数据迁移时,发现以前的Hive表都是没有压缩的,为了提高效率和节约资源,将Hive表添加压缩。
背景:原集群CDH5.16、Hive1.1,新集群CDH6.0.1、Hive2.1。
基本思路
1. 从其他集群把Hive数据discp到本地集群
2. 先将数据导入Hive, 只改动表名当做临时表
3. 建压缩表
4. 从临时表将数据导入压缩表
目录
原表建表语句与表结构
CREATE TABLE `virtual_payment_cp` (
...
) PARTITIONED BY(`DATE` STRING) ROW FORMAT DELIMITED FIELDS TERMINATED BY '\t';
CREATE TABLE `virtual_payment_cp`(
...
PARTITIONED BY (
`date` string)
ROW FORMAT SERDE
'org.apache.hadoop.hive.serde2.lazy.LazySimpleSerDe'
WITH SERDEPROPERTIES (
'field.delim'='\t',
'serialization.format'='\t')
STORED AS INPUTFORMAT
'org.apache.hadoop.mapred.TextInputFormat'
OUTPUTFORMAT
'org.apache.hadoop.hive.ql.io.HiveIgnoreKeyTextOutputFormat'
LOCATION
'hdfs://hadoop-master:8020/user/hive/warehouse/cp_data.db/virtual_payment_cp'
TBLPROPERTIES (
'transient_lastDdlTime'='1565767429')
最终表建表语句与表结构
CREATE TABLE `virtual_payment_cp` (
...
) PARTITIONED BY(`DATE` STRING) ROW FORMAT DELIMITED FIELDS TERMINATED BY '\t'
STORED AS orc tblproperties ("orc.compress"="SNAPPY");
CREATE TABLE `tb_sdk_user_payment_cp`(
...
PARTITIONED BY (
`date` string)
ROW FORMAT SERDE
'org.apache.hadoop.hive.ql.io.orc.OrcSerde'
WITH SERDEPROPERTIES (
'field.delim'='\t',
'serialization.format'='\t')
STORED AS INPUTFORMAT
'org.apache.hadoop.hive.ql.io.orc.OrcInputFormat'
OUTPUTFORMAT
'org.apache.hadoop.hive.ql.io.orc.OrcOutputFormat'
LOCATION
'hdfs://nameservice2/user/hive/warehouse/cp_data.db/tb_sdk_user_payment_cp'
TBLPROPERTIES (
'orc.compress'='SNAPPY',
'transient_lastDdlTime'='1565864810')
1. 备份建表结构
hive-create-schema.sh,参数为Hive库名
#!/bin/bash
## 获取hive建表HQL脚本
#输入数据库
DB=$1
#获取hive建表语句
tables=$(hive -e "use $DB; show tables;")
for table in $tables;
do
echo "============== db: $DB , table: $table ============\n"
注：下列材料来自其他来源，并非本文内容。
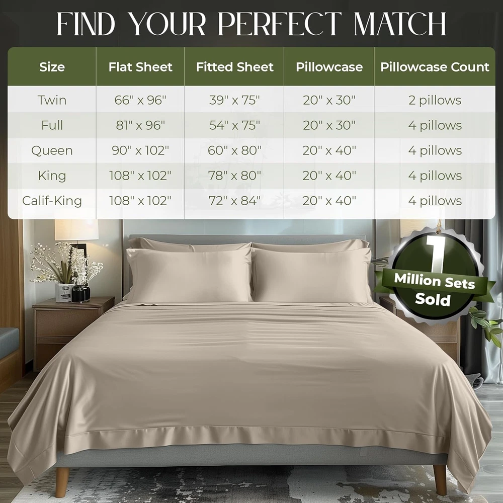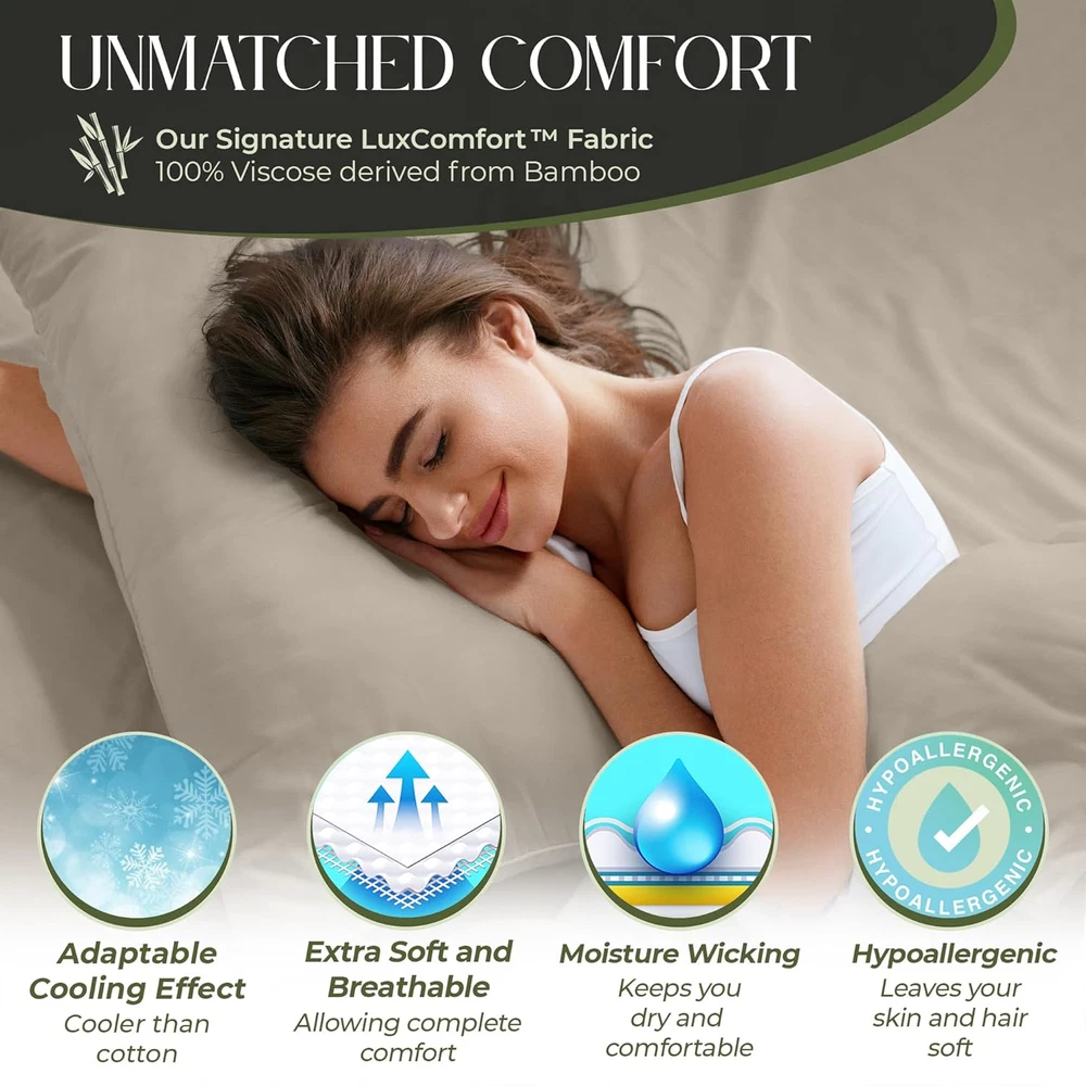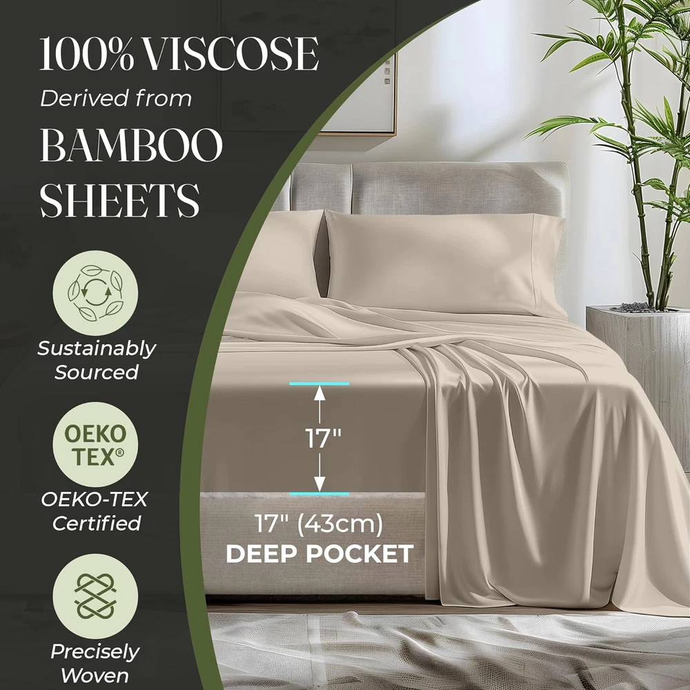 Store New Arrivals Add to Favorite View Feedback Contact 100% Organic Viscose Derived from Bamboo Sheets Queen Size 6Pcs - Ultra Soft & Luxuriously Cooling, 17" Deep Pocket, Double Stitching, Perfect for Hot Sleepers - Queen Bed Sheets (Taupe) Description Style Modern Weave Type Sateen Pattern Solid Country of Origin China Theme Holiday Number of Pieces 6 Unit Count 6.0 Count Pillowcase Quantity 4 Material viscose derived from bamboo Age Range (Description) Adult Seasons All, Summer, Fall, Spring Package Dimensions 13.62 x 10.79 x 3.9 inches Closure Type Envelope Item Weight 6.3 pounds Occasion Mother’s Day, New Year’s, Housewarming, Anniversary, Birthday Fitted Sheet Pocket Depth 17 Inches Special Feature Temperature Regulation, Fade Resistant, Hypoallergenic, Deep Pocket, Wrinkle Resistant Color Taupe Thread Count 300 Included Components Pillowcase, Fitted Sheet, Flat Sheet Size Queen UNMATCHED COMFORT & SOFTNESS: Our unique 100% viscose derived from bamboo sheets queen size deliver an unparalleled softness and a smooth, luxurious texture. OEKO-Tex Certified viscose derived from bamboo bed sheets are silky-smooth & naturally hypoallergenic SLEEP IN COOLING BLISS: Elevate your sleep with viscose derived from bamboo cooling sheets. Naturally temperature regulating bed sheet set, moisture-wicking, and innovative Breezweave technology for breathability. Luxury sheets for ultimate relaxation BUILT TO LAST: Our Queen sheets set is made from 100% viscose derived from bamboo that withstands longer wash cycles and is fade-resistant. Precise double stitching on sheets provides lasting durability and exceptional strength PERFECT FIT FOR All BEDS-6-PIECE SET: Discover the ultimate fit with our Queen size sheets set tailored for standard mattress dimensions, with a deep 17" pocket for extra-thick mattresses. Package Includes 1pcs Flat Sheet (90x102)inch, 1pcs Fitted Sheet (60x80)inch, 4pcs Pillow Cases (20x30)inch AFFORDABLE LUXURY & DURABILITY: DECOLURE Bed Sheets are made from high-grade viscose derived from bamboo, offering a smooth, wrinkle-free surface with exceptional softness; enjoy lasting quality and luxury without compromising on durability Product Description POPULAR DECOLURE BEDDING SHEETS SETS Add to Cart Add to Cart Add to Cart Add to Cart Add to Cart Customer Reviews 4.6 out of 5 stars 823 4.5 out of 5 stars 3,793 4.1 out of 5 stars 865 4.3 out of 5 stars 15,509 4.3 out of 5 stars 809 Price $69.99 $ 69 . 99 $79.99 $ 79 . 99 $37.95 $ 37 . 95 $31.95 $ 31 . 95 $31.95 $ 31 . 95 MATERIAL 100% Viscose from Bamboo 100% Viscose from Bamboo Bamboo Microfiber 100% Satin 100% Satin MACHINE WASHABLE ✔ ✔ ✔ ✔ ✔ WRINKLE & STAIN RESISTANT ✔ ✔ ✔ ✔ ✔ ADDITIONAL BENEFIT Cooling Cooling Cooling Great for Hair & Skin Great for Hair & Skin PILLOWCASE COUNT 4 2 2 2 4 EXTRA DEEP POCKET 17 inches 17 inches 14 inches 15 inches 15 inches NUMBER OF COLORS 15+ 15+ 10+ 25+ 15+ OEKO TEX CERTIFIED ✔ ✔ ✔ ✔ ✔ ABOUT US We offer the best prices around on high quality products. Our E-store includes media such as books, movies, music and games while offering electronics, toys, sporting apparel, clothing, tools, general home, garden items and more. SHIPPING We are always working hard to ensure your package arrives as soon as possible. Please understand that some factors like weather, high postal traffic, and the performance of shipping companies are outside of our control. We offer free shipping to the lower 48 states and ship within 2 business days of payment, usually sooner. We do not accept P.O. Boxes. Please provide a physical address. For shipping outside of the continental USA, we only use eBay's Global Shipping Program.The item is shipped to KY and then sent to the rest of the world. International customers are responsible for all duties and taxes. Continue to check out in order to calculate costs for shipping the item to your country. Messages regarding eBay's Global Shipping Program MUST be directed at eBay EXCLUSIVELY. RETURNS We offer a 30-Day Return Policy on items which you are not completely satisfied with. You have the option for a full-refund or an exchange of the item. No returns are available on items shipped outside of the USA. PAYMENT We accept PayPal. CONTACT US This page content is yet to come Please ad us to your favorite seller and visit again later Thank You CUSTOMER SATISFACTION We try our very best to make sure every customer is completely satisfied. If there's a problem, message us! We're happy to help. WE ACCEPT Copyright © 2021 AutoDS. | All Rights Reserved

echo "$(hive -e "use $DB;show create table $table;");" >> /user/bak/hive_create_schema.hql
done
2. 导出数据
单表导出
hive -e "use cp_data; export table virtual_payment_cp to '/tmp/hive-export/virtual_payment_cp';"
批量导出
export-hive.sh,参数为Hive库名。
#!/bin/bash
## 导出hive表到HDFS
# 输入数据库
DB=$1
# 获取hive建表语句
tables=$(hive -e "use $DB; show tables;")
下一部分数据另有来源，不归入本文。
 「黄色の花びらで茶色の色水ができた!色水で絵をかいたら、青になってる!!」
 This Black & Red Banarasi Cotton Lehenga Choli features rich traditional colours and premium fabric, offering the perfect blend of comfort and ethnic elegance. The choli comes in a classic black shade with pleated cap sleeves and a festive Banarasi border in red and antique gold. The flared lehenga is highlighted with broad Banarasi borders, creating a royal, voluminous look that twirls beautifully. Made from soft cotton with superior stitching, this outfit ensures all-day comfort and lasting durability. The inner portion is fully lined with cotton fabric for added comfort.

# echo "============== 开始生成hive-export.hql =============="
hive -e "use $DB;show tables" | awk '{printf "export table %s to |/tmp/hive-export/%s|;\n",$1,$1}' \
| sed "s/|/'/g" > /user/bak/hive/hive-export.hql
# echo "============== hive-export.hql生成成功! =============="
# echo "================== 开始导出hive数据 =================="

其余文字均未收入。